BLOOMINGTON, Ind. (AP) - More than nine years ago, Indiana University professor Dennis Conway had prepared a class to visit the “rich, old island” of Cuba.
The U.S. government, holding to its embargo of the country, made it impossible to follow through. Any stay would have to last at least 10 weeks, officials said; anything shorter, not a “legitimate” educational exchange, would be an unwanted boost to the Cuban national economy.
This summer, however, one of Conway’s pupils may follow through. Frank Marshalek, a doctoral candidate in IU’s department of geography, has organized a two-week excursion to Bloomington’s “sister city” of Santa Clara as part of a six-week summer course titled “Issues in Latin America, the Caribbean and Contemporary Cuba.”
After President George W. Bush’s tightening of regulations on travel to Cuba, the easing of those restrictions under President Barack Obama has allowed IU to plan a trip to Santa Clara as part of the itinerary - if enough students sign up for the class with the Office of Overseas Study. The deadline, Marshalek told The Herald-Times (https://bit.ly/1eprmYX ), is supposed to be Monday, but he could ask for an extension.
After all, after almost a decade of waiting for the first Bloomington-based course to travel to Cuba, Marshalek is hoping the exotic locale will be attractive to students.
“It’s a Cold War relic, this animosity,” Marshalek said.
IU has organized trips to Cuba through Indiana University-Purdue University Indianapolis since the early 2000s, with professor Tim Brothers at the helm, but those trips were halted once Bush added restrictions, according to Kathleen Sideli, associate vice president for overseas study.
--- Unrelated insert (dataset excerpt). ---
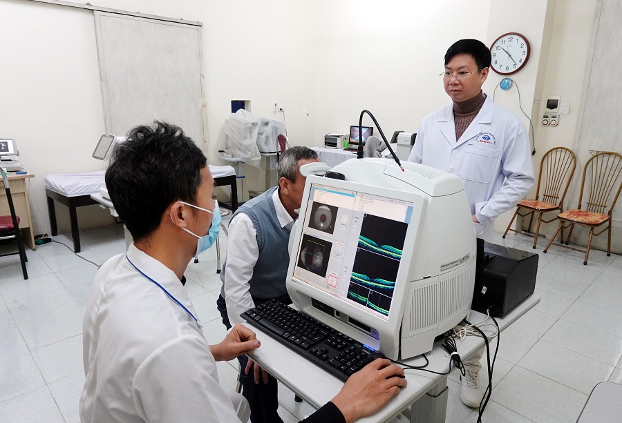 Tôi xin phép nghỉ làm 2 hôm, rồi có mặt theo hẹn. Sau khi kiểm tra bằng máy sinh hiển vi khám, Bác sỹ Hoàng Cừ chuyển cho các phòng chuyên môn tờ giấy giao việc viết tay. Tôi được nhóm anh em điều dưỡng của Bệnh viện giúp đỡ chiếu chụp và làm các xét nghiệm, trước khi tập hợp thông tin hội chẩn: Siêu âm, chụp cắt lớp võng mạc và đo công suất thể thủy tinh… Dù nhìn mờ lắm, tôi vẫn kịp hình dung ra khuôn mặt khả ái của một nữ điều dưỡng xinh xắn và dịu dàng, đã hướng dẫn rất chi tiết cho tôi về các thao tác cần thiết, giúp đồng nghiệp của cô chỉ việc “bấm máy”. Mọi động tác nhìn lên, nhìn xuống, quay phải, quay trái, đều thực hiện theo yêu cầu tự động của thiết bị.

Brothers restarted his trips to Cuba with geography students in 2011, Sideli said.
Marshalek’s class would have added meaning because of Bloomington’s connection with Santa Clara, which Bloomington has regarded as a “sister city” since 1999. Marshalek and others have been able to visit as individuals, but not with a class. His syllabus for the course plans for three weeks in Bloomington, learning about the country’s period of colonialism, Che Guevara and more, before heading to Santa Clara and eventually Havana.
Conway sees this as a step in the right direction. He reflects on the embargo between the two countries and what it meant for him when he tried to buy a box of Cuba’s famous cigars. Restrictions by the U.S. didn’t do much to limit the availability of his favorite brand.
He could find the same Cuban cigar he enjoyed at the duty free shop in an airport in Barbados in America; there, the cigar’s yellow package said it was from Cuba. Once, Conway said, he found what he imagines is the same cigar, still yellow, but the packaging said it was from Canada.
America’s neighbor to the north doesn’t have the same restrictions on trade.
“The whole idea of keeping a Cold War ’state of war’ between two civilized countries is a laughing stock,” Conway said. “It’s sort of wilting away.”